Question

If \[\dfrac{{5 + 2\sqrt 3 }}{{7 + 4\sqrt 3 }} = a + b\sqrt 3 \], then the value of a and b is ?

Answer 1

Hint: In the given fractional expression, we have an irrational number in the denominator. To simplify the fraction, first we rationalise the denominator in the fraction so as to eliminate radicals from the denominator. To get rid of the irrational number in the denominator, we multiply the numerator and denominator by the conjugate of the denominator. Then by simplification and comparing both sides of the equation, we get the values of a and b.

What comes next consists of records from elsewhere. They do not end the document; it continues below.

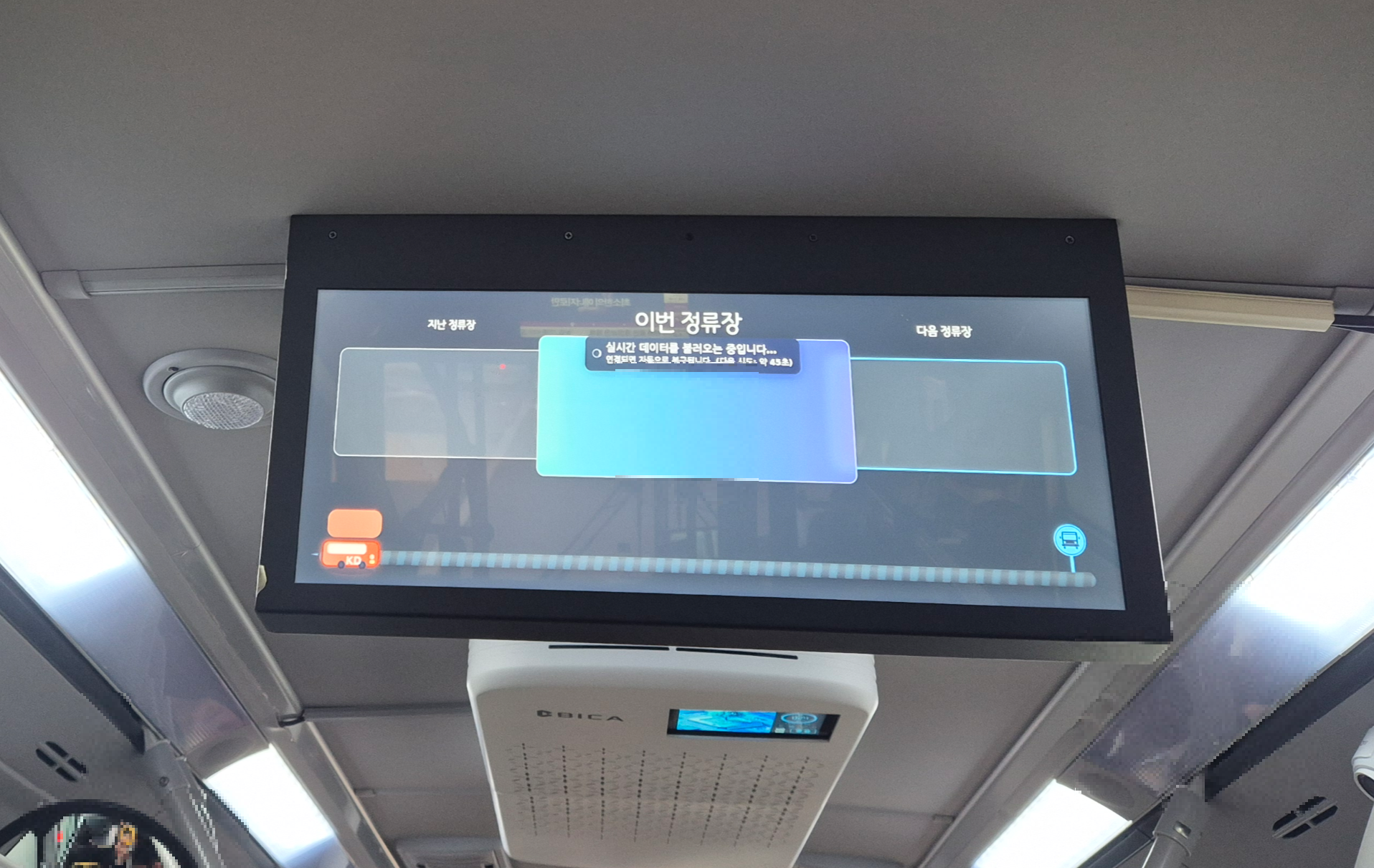 버스의 정류장 안내는 많이 있었죠. 좌석 위에 붙은 노선도나, 버스 승차문 근처의 안내화면, 버스 내 홍보 동영상 한 쪽에 나오는 전광판까지 다양하게 있죠. 최근엔 홍보영상을 재생하다가도 중간에 노선을 알려줘서 편리하죠.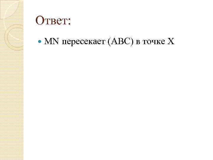 Ответ: МN пересекает (АВС) в точке Х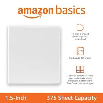 Amazon Basics 3 Ring Binders, 1.5 Inch, 4 Pack, D-Ring Organizer for School, Home Office, White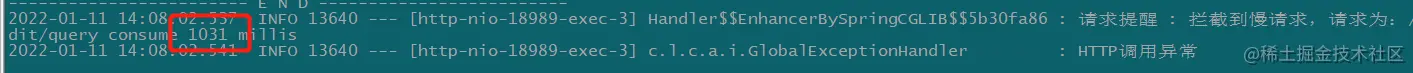 通过系统慢请求捕捉拦截,发现当前请求仅耗时1031毫秒,就触发Read timed out超时错误,本项目与下游项目均注册在Eureka上面,对这个1秒就超时感到很迷惑,于是开始查阅底层源码之旅。
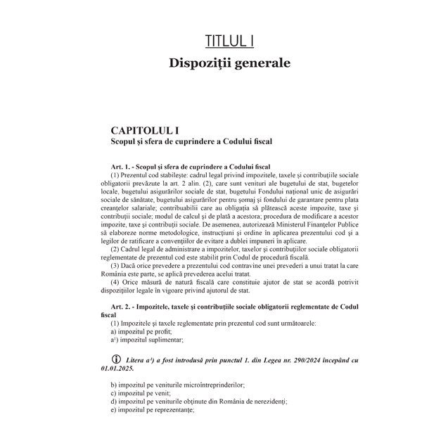 CLICK AICI pentru a vizualiza cuprinsul pentru Codul Fiscal actualizat 2025.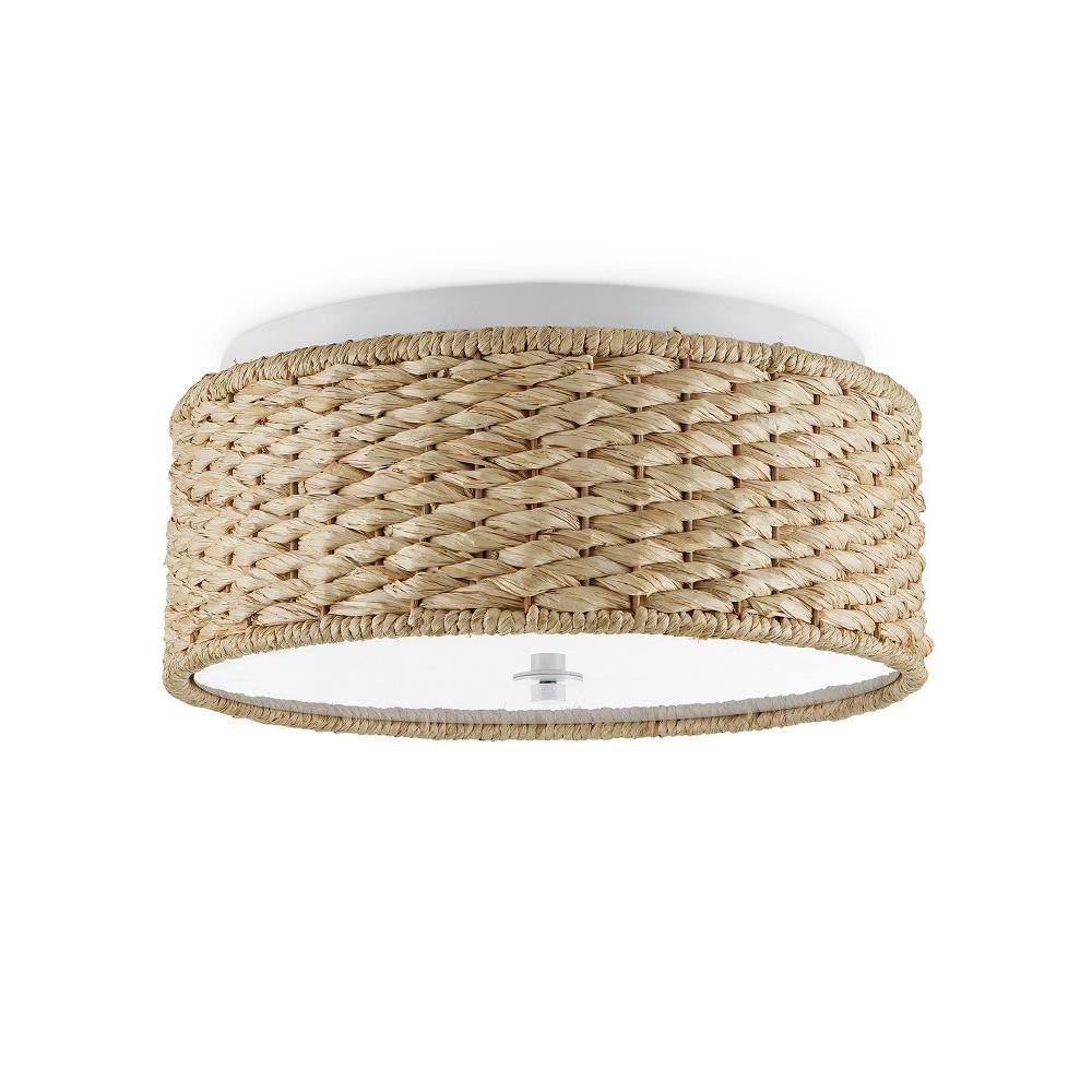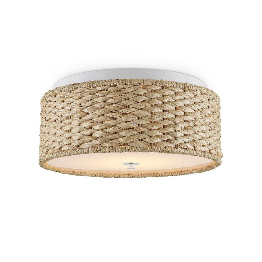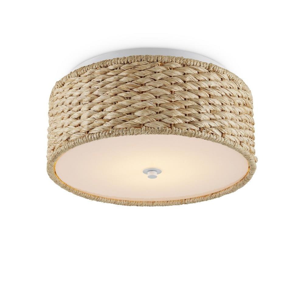 Raffia is densely woven around the circumference of the Colchester Flush Mount. Clarence Mallari designed the rope flush mount to be luminous. Choices that enhance the glow include the sugar white finish, the acrylic diffuser, the way the light flows onto the ceiling, and the weave that allows the light to seep through.

Complete step-by-step answer:
In the given question, we are provided with an expression \[\left( {\dfrac{{5 + 2\sqrt 3 }}{{7 + 4\sqrt 3 }}} \right)\]. The given expression is in the form of $ \dfrac{a}{b} $ , where a is the numerator and b is the denominator. This form is known as fraction.
We have to simplify the given fractional expression \[\left( {\dfrac{{5 + 2\sqrt 3 }}{{7 + 4\sqrt 3 }}} \right)\] by removing the irrational numbers and surds from the denominator using the method of rationalisation of the denominator.
Generally in mathematics, we don’t desire to have an irrational number in the denominator. So, in order to get rid of the square root, we multiply the fraction by another fraction whose numerator and denominator are equal so as to keep the given fraction unchanged.
Considering the fraction given to us, \[\left( {\dfrac{{5 + 2\sqrt 3 }}{{7 + 4\sqrt 3 }}} \right)\]. We multiply the numerator and denominator of the fraction by the conjugate of the denominator of the fraction. So, the denominator of the fraction \[\left( {\dfrac{{5 + 2\sqrt 3 }}{{7 + 4\sqrt 3 }}} \right)\] is \[\left( {7 + 4\sqrt 3 } \right)\]. Hence, we multiply both numerator and denominator by the conjugate of \[\left( {7 + 4\sqrt 3 } \right)\], that is \[\left( {7 - 4\sqrt 3 } \right)\] so as to get rid of the irrational number in the denominator.
Hence, we get,
\[ \Rightarrow \left( {\dfrac{{5 + 2\sqrt 3 }}{{7 + 4\sqrt 3 }}} \right) \times \left( {\dfrac{{7 - 4\sqrt 3 }}{{7 - 4\sqrt 3 }}} \right)\]
\[ \Rightarrow \dfrac{{\left( {5 + 2\sqrt 3 } \right)\left( {7 - 4\sqrt 3 } \right)}}{{\left( {7 + 4\sqrt 3 } \right)\left( {7 - 4\sqrt 3 } \right)}}\]
Evaluating the denominator of the fraction using the algebraic identity $ \left( {a - b} \right)\left( {a + b} \right) = {a^2} - {b^2} $ , we get,
\[ \Rightarrow \dfrac{{35 + 14\sqrt 3 - 20\sqrt 3 - 8{{\left( {\sqrt 3 } \right)}^2}}}{{{{\left( 7 \right)}^2} - {{\left( {4\sqrt 3 } \right)}^2}}}\]
Simplifying the expression, we get,
\[ \Rightarrow \dfrac{{35 - 6\sqrt 3 - 8\left( 3 \right)}}{{49 - 48}}\]
Adding up the like terms, we get,
\[ \Rightarrow \dfrac{{35 - 6\sqrt 3 - 24}}{1}\]
\[ \Rightarrow 11 - 6\sqrt 3 \]
So, we get the simplified form of the rational expression \[\left( {\dfrac{{5 + 2\sqrt 3 }}{{7 + 4\sqrt 3 }}} \right)\] given to us as \[\left( {11 - 6\sqrt 3 } \right)\] by rationalising the denominator.
Now, we are given in the question that \[\left( {\dfrac{{5 + 2\sqrt 3 }}{{7 + 4\sqrt 3 }}} \right)\] is equal to \[a + b\sqrt 3 \], where the denominator of the rational expression is simplified and we have to find the value of a and b.
So, \[\left( {\dfrac{{5 + 2\sqrt 3 }}{{7 + 4\sqrt 3 }}} \right) = \left( {11 - 6\sqrt 3 } \right) = a + b\sqrt 3 \]
Comparing the sides of equation, we get,
 $ a = 11 $ and $ b = - 6 $
Hence, the value of a is \[11\] and the value of b is \[\left( { - 6} \right)\]
So, the correct answer is “a = 11 and b = -6”.

Note: If the denominator of a fraction has square root, we rationalise the rational number. We multiply the numerator and denominator by the same number so as not to change the value of the fraction and get rid of the irrational number in the denominator. One must take care while doing the calculations so as to be sure of the final answer.